The thousands of actuators used in a nuclear plant face some pretty tough conditions as well as rigorous testing.
Currently, 104 nuclear power-plant reactors are working in the United States, and all of them have operating environments that are extremely challenging. Of those 104 plants, 35 are classified as boiling and 69 as pressurized water reactors.
While the design details vary from plant to plant, each nuclear facility has thousands of valve actuators used in various processes and applications. The newest-generation nuclear plant has more than 13,000 valves.
It’s clear, then, that valve actuators play vital roles in maintaining process safety, efficiency and productivity in a wide range of situations.
This article contains a brief description of some of the special circumstances encountered in challenging nuclear environments and the different styles of actuators used to meet demanding operational and safety requirements.
STRICT GUIDELINES AND REQUIREMENTS
All equipment used in nuclear plants built in the United States is certified under stringent guidelines mandated by the Nuclear Regulatory Commission (NRC). Verification of reactors or equipment to standards from other countries is not acceptable for the 104 working reactors in the U.S.
To understand basic requirements the nuclear power industry faces in this nation, a review of the similarities and differences between nuclear power and fossil power is helpful.
In a fossil power plant, coal might be crushed and mixed with air to boil water, which produces steam to drive a turbine. With nuclear reactions, the process is different, but the operational objective is essentially the same—to heat water to produce steam to drive a turbine. With a coal steam generator, the activity of burning the pulverized coal and producing steam is contained within what is termed the “boiler island.” Because of the strong similarity to what happens in the coal plant, many engineers and technicians in a nuclear plant refer to the area where steam generation occurs as the “nuclear island.”
Within the nuclear reactor, equipment must meet rigorous standards. Since radiation is very high, the standards require all equipment materials used in this phase of the process to withstand high levels of radiation for the life of the plant. Therefore, materials such as iron or steel are required rather than aluminum. Also, temperatures in this portion of the plant are elevated, which will affect seal materials. The combination of severe environmental conditions determines the various coatings and paints allowed for use in this area, which is known as “inside containment.”
To be suitable for service in a nuclear reactor, an actuator must go through specific testing by outside testing agencies.
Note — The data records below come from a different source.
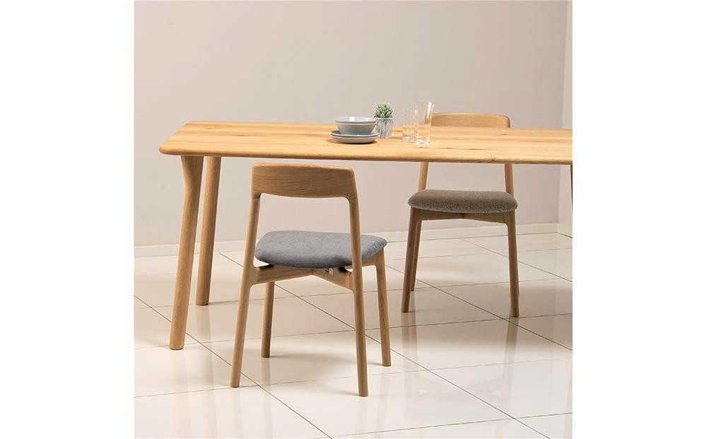 無垢材の厚みのある背が印象的な、なめらかな手触りのサイドチェアー。
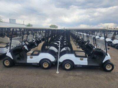 White bodies, beige tops, and premium beige seats. No rust. Well serviced. Bodies and tires are decent. Seat bottoms are cracked.
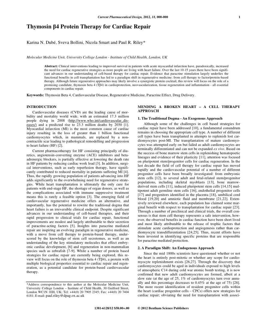 tβ4 reduces the infarct size and improves contractile performance in chronic myocardial ischemic injury through two phases: an acute phase that occurs immediately after injury, in which tβ4 preserves the ischemic myocardium via antiapoptotic or anti-inflammatory mechanisms, and a chronic phase, in which tβ4 activates the growth of vascular or …
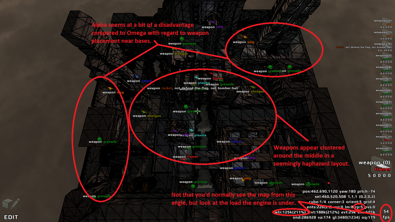 From view from side of the map is possible to see that weapons are in different heights. From bird's-eye view it looks more clustered though. But the plasma looked harder to pick up for alpha team, so I moved a bit its position and added one grenade closer to alpha, since omega had grenades a little closer.
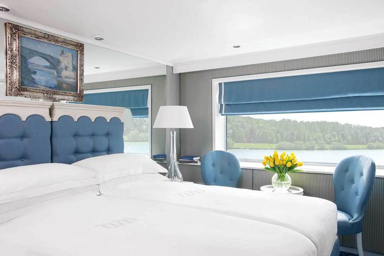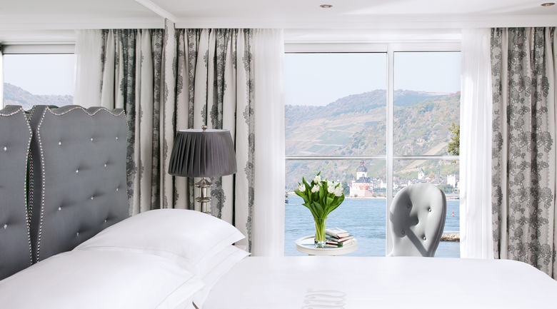 Lavishly appointed riverview stateroom (151 sq ft - 14 sq m) with a French balconyHandcrafted Savoir® Beds of England, built-in closet, hair dryer, safe, individual thermostat, flat-screen TV with infotainment center and satelliteMarble bathroom with Asprey bath and body products, plush towels, heated mirror, backlit magnifying mirror, comfortable bathrobes and slippers

The test reports produced must then be reviewed not only by the actuator suppliers, but by consulting engineers and the utilities themselves. Many documents also are reviewed by the NRC.
The tests for actuators used “inside containment” apply to all styles. The plants use electric motor operators as well as pneumatic cylinder actuators and hydraulic cylinder actuators. All of these actuators must be tested to ensure they can withstand the environment for their expected lives. Also, in addition to environmental concerns, the actuators must be able to operate during extreme accident conditions such as an earthquake.